Vi è stata una sola telefonata fatta in due mesi e hanno detto di non essere trattati male, forse per non far preoccupare troppo le famiglie.
Ma è arrivata una foto di cinque di loro. Zoomando si sono notati segni violenti.
Graffi, tagli, segni di catene sui corpi.
Di Maio tace e dorme. E allora le famiglie hanno piantato le tende a Roma, davanti a Palazzo Chigi, in segno di pacifica protesta.
Il premier Conte le ha incontrate, lì e ha rassicurato tutti, ma non le ha nemmeno volute ricevere nei suoi uffici a Palazzo Chigi.

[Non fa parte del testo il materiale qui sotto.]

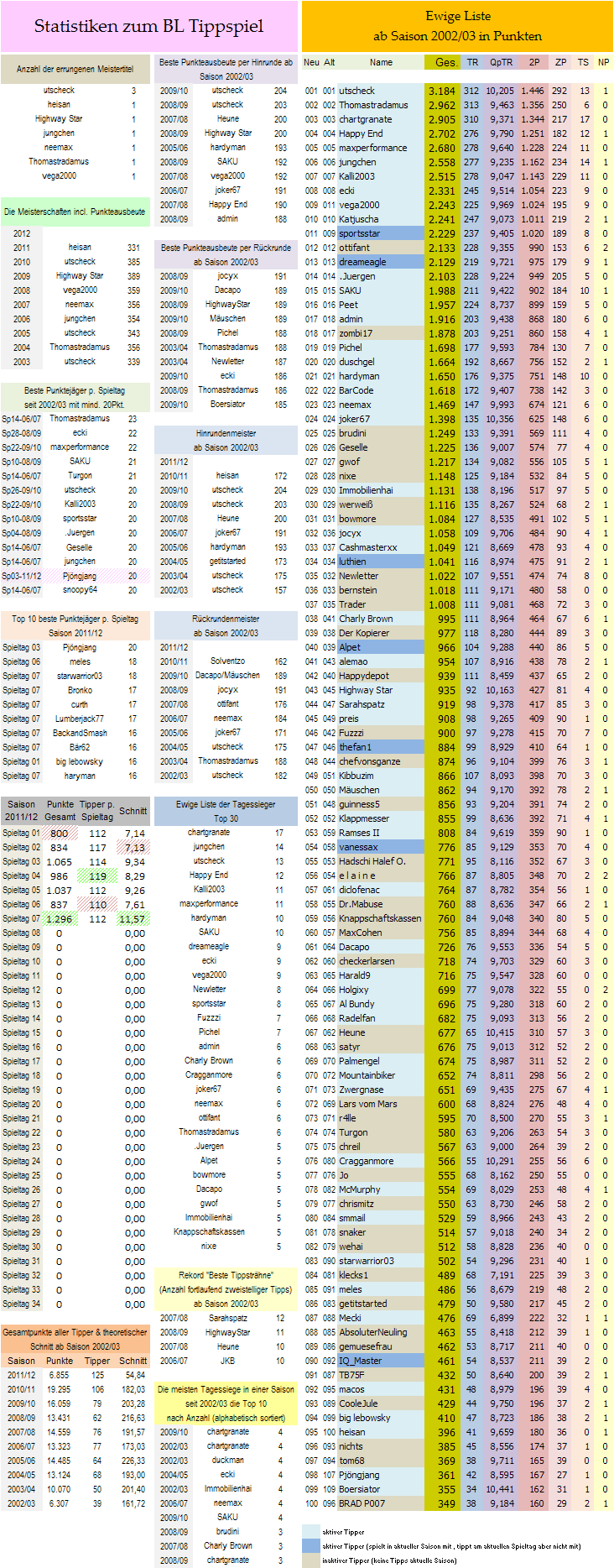 Insgesamt konnten sage und schreibe 83 Tipper zweistellig Punkten - REKORDAUSBEUTE INSGESAMT! (sieht man dann im Statistikblock)

Possibile? Certo che è possibile.
Le famiglie dei sequestrati non si arrendono. Sabato hanno condotto una “marcia per la libertà” da Albano laziale a Montecitorio.

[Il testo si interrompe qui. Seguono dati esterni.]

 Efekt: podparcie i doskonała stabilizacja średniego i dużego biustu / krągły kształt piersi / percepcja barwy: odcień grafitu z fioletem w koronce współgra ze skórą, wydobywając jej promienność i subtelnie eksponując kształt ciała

Trenta chilometri per scandire le loro ragioni: Da 55 giorni non hanno alcun dato certo di come stiano i pescatori, le risposte arrivano sempre uguali, dal primo giorno assicurano che stanno bene, che sono trattati bene, che mangiano, che hanno ricevuto i farmaci di cui qualcuno di loro ha bisogno, ma non esiste una prova certa delle loro buone condizioni.
Da 35 giorni le mogli e le figlie dei nostri connazionali presi da Haftar dormono ogni notte davanti al Parlamento.

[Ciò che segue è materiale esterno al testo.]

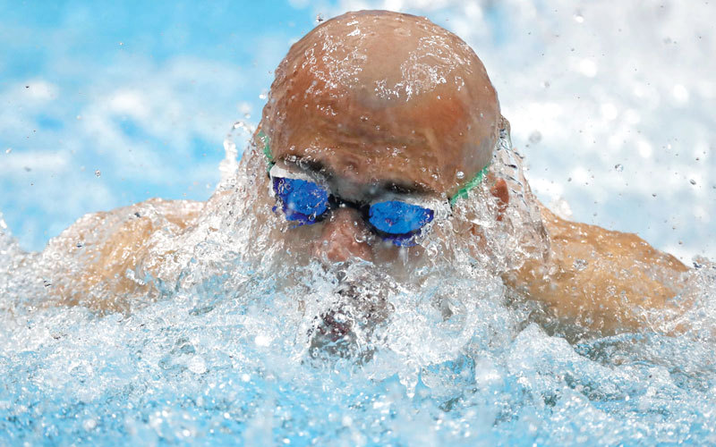 البطل المجري لازلو سيش خلال مشاركته بسباق 200 متر فراشة في بطولة العالم للسباحة المقامة حالياً في بودابست.

Tra loro una signora di 74 anni, le figlie 20enni di due marittimi, diversi bambini.
Non è mai sceso nessuno a dare conforto, a proporre una sistemazione, a dire di non stare al freddo, a digiuno, a rassicurare con risposte più concrete, dirette. A dare una parola di conforto.
Dietro le quinte, un contributo concreto alle famiglie accampate lo avrebbero dato alcune parlamentari, come le siciliane Bartolozzi, Prestigiacomo e Siracusano.
E in aula Forza Italia ha interpellato il ministro degli Esteri con un question time.
«Il nostro caro ministro – dice l’armatore di una delle due navi, Marco Marrone – non si è preoccupato mai una volta di passare da noi e dire di andare via, a proporci un contatto diretto.
Ci sarebbe bastato anche questo, ma non c’è stato, e noi continueremo finché non verranno rilasciati i nostri pescatori».
La Farnesina assicura: le notizie sono confortanti, le trattative richiedono discrezione.
Ma aver tagliato i contatti con i familiari appare atipico, nella storia della gestione delle crisi da sequestro in Libia.
Haftar e Serraj hanno firmato venerdì a Ginevra uno storico accordo per il cessate il fuoco permanente, accolto con ottimismo dalle cancellerie europee che hanno seguito, con le Nazioni Unite, il negoziato.
Haftar se vuole dare seguito vero al cessate il fuoco, deve interrompere le ostilità anche verso i pescatori italiani.